Не поеду к ним! Останусь в Москве и вернусь назад. Вот у меня бок болит, висок дергает все сильнее и сильнее. Лучше бы я поехала в Рим. Хотя там летом пропадешь от жары, но ведь меня посылают на юг! В Риме у меня прохладная, чудная мастерская. Осенью все равно поеду туда заканчивать большую картину, начатую в прошлом году. Поехала бы теперь – и юг бы был, и картину дописала, и осенью никуда бы не поехала от Илюши!

– Красивы ли твои сестры? – спросила я его однажды – по карточкам захолустного фотографа трудно было судить.

– Знаешь, – отвечал он, – я их так люблю, что оне для меня лучше всех, кроме тебя.

Ну значит, уроды! А я так люблю все красивое, изящное.

Я живу будничной жизнью, но у меня есть мое искусство. В нем нет будней, в нем все блеск, все праздник. Оно мне и там поможет: буду писать этюды моря и цветущих деревьев… А «оне» будут заглядывать на полотно и говорить:

– Что это вы все пейзажики да цветочки рисуете? Тогда я им напишу порку в волостном правлении, этюд трех тулупов и пары валенок! Ведь у них… Фу, я опять злюсь! Зачем я несправедлива? «Оне», может быть, умные, милые, добрые… Как дергает висок… не надо думать… ай, как больно, как больно!

– Madame souffre?

Я вздрагиваю. Мой спутник опустил Бодлера и, слегка наклонившись, смотрит на меня.

Господи, да что у него за глаза, какой красивый разрез! В этих глазах что-то вроде детского удивления. Так часто смотрят умные дети на старших, когда не понимают их.

– Невралгия, – говорю я сквозь зубы.

И вдруг меня охватывает нервная дрожь. Вот они нервы! Да хорошо, если нервы, а если это лихорадка, рецидив? Опять долгая болезнь. Нет, уж лучше умереть. Я ложусь, отворачиваюсь к стене, и меня трясет, трясет мелкой, противной дрожью.

Зачем я уехала от Ильи? Я вернусь, вернусь! Пусть это глупость, ребячество, но ведь я больна, совсем больна, у меня все болит: и бок, и голова, и эта дрожь, дрожь.

Мысли мои путаются, я быстро сажусь и хватаюсь за голову. На мне шляпа, я забыла ее снять, она мешает, я хочу сорвать ее, но шпильки зацепились за волосы.

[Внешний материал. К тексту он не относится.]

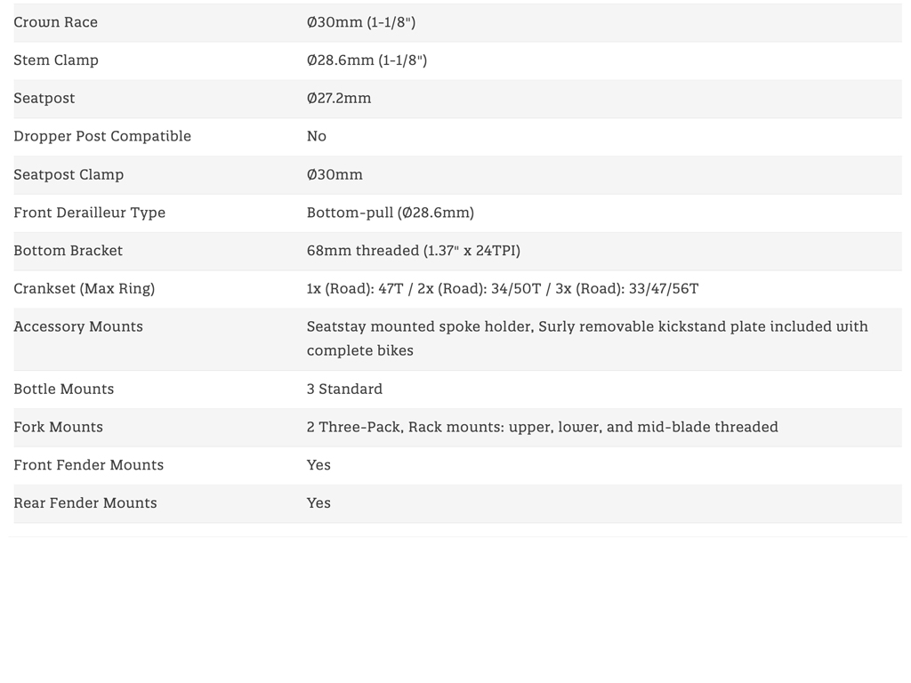 - Dynamo routing on the fork, plus three-pack mounts on the blade and every braze-on you’ll ever need for racks, fenders, water bottle cages, and more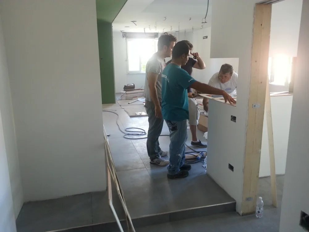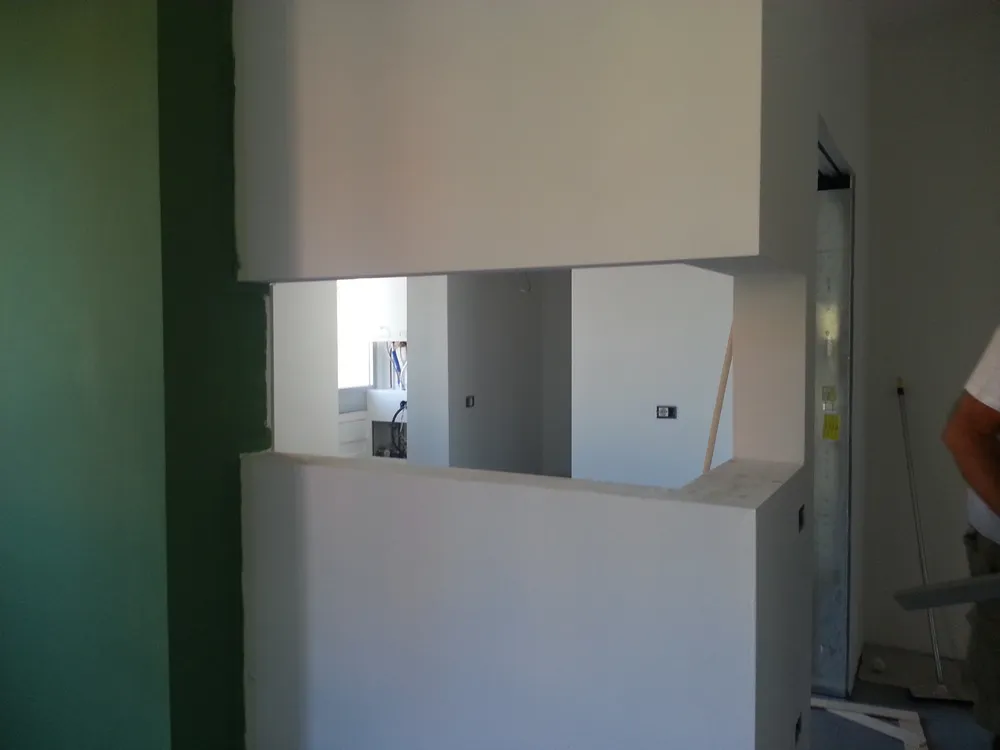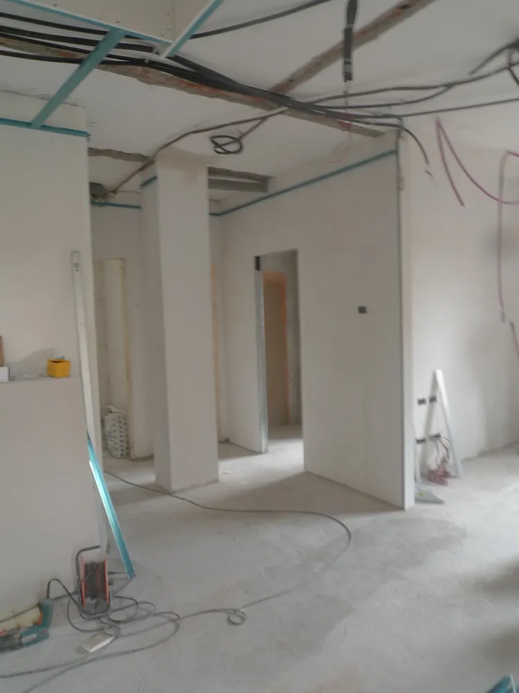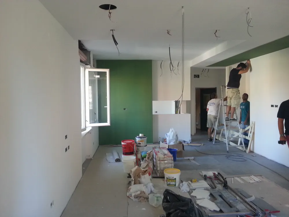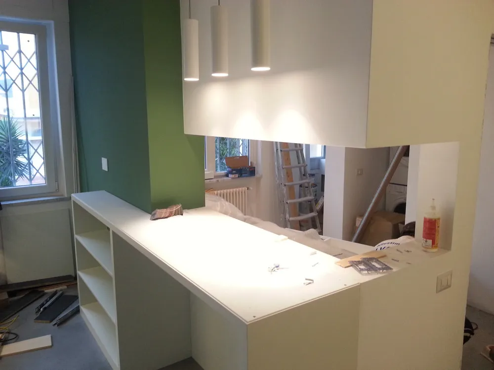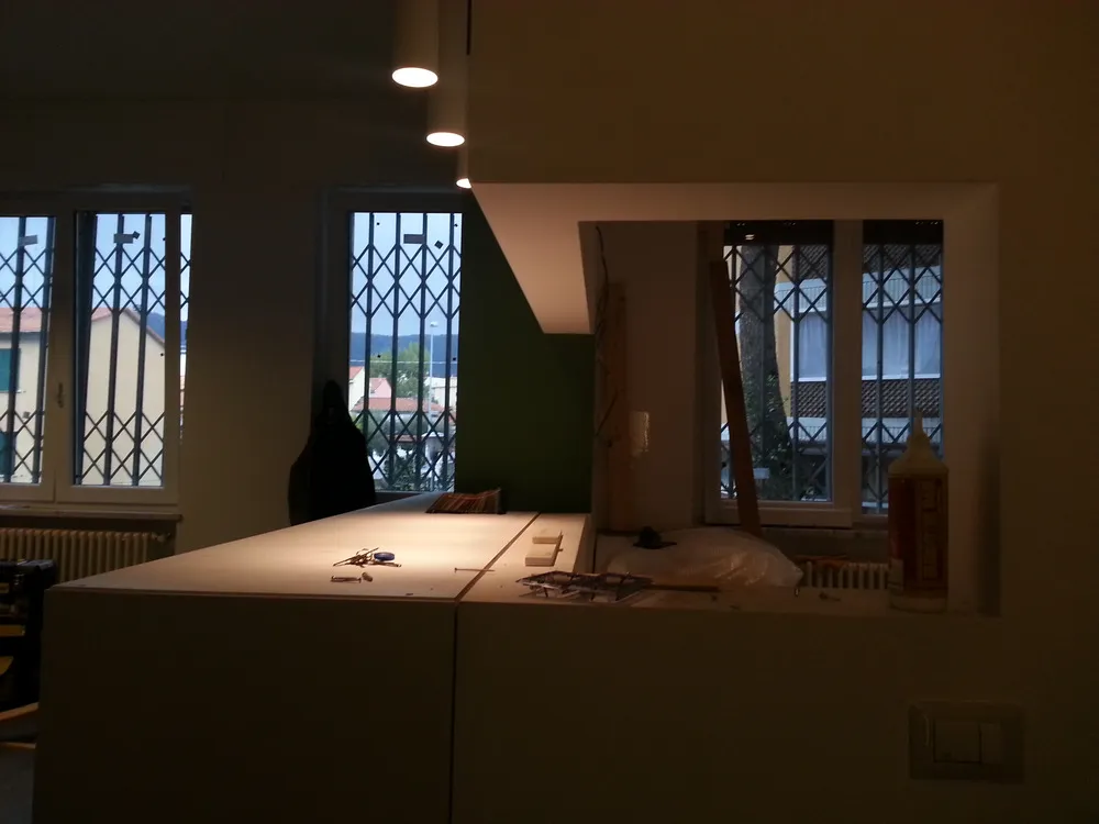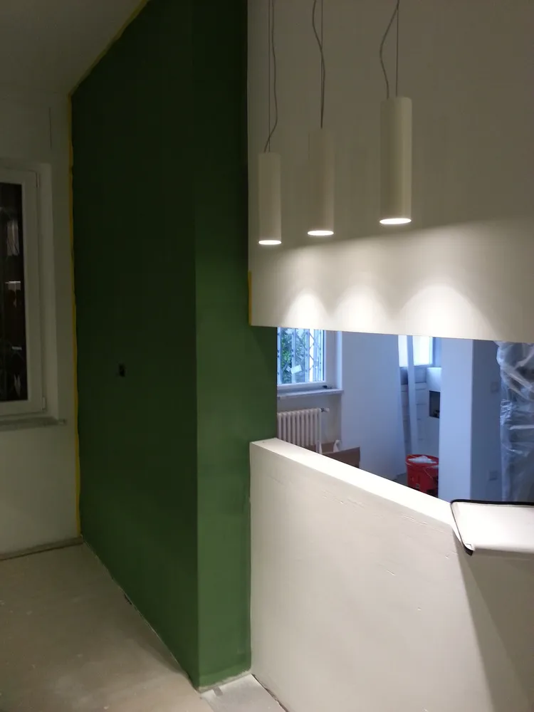 A un certo punto, l’avanzamento del cantiere ha subito una significativa accelerazione: nel giro di poche settimane sono stati completati pavimenti, cartongessi e pitture. Durante una visita in cantiere ho finalmente potuto apprezzare in modo più concreto la materializzazione delle mie idee progettuali. In una delle foto si intravede anche la proprietaria della residenza, visibilmente colpita dalla “lingua verde”, elemento architettonico distintivo e fortemente caratterizzante dell’intervento (vedi LINK della relativa news). Altri scatti di questa fase mettono in evidenza la grande operosità di tutte le maestranze, coordinate da Epoke, oltre ad alcuni dettagli costruttivi degni di nota, come le gole realizzate in prossimità del pilastro del disimpegno e l’apertura della cucina, dove sarà collocato il bancone snack.

– Позвольте вам помочь. Я чувствую руку в шведской перчатке на моей руке. Он отцепляет шляпу и кладет ее на полку, а меня трясет все сильнее, мне хочется крикнуть, расплакаться. Слабость, разлука с Ильей, неприятная перспектива подлаживания к тем людям… Вот-вот сейчас разрыдаюсь. И чего этот господин тут? Если бы его не было, одна бы я скорее успокоилась. Его присутствие в эту минуту мучительно. Этот запах духов и хорошей сигары вдруг ударил в голову… Момент – я бы оттолкнула его, но он заговорил:

– Вы совсем больны. Не могу ли я чем-нибудь помочь вам?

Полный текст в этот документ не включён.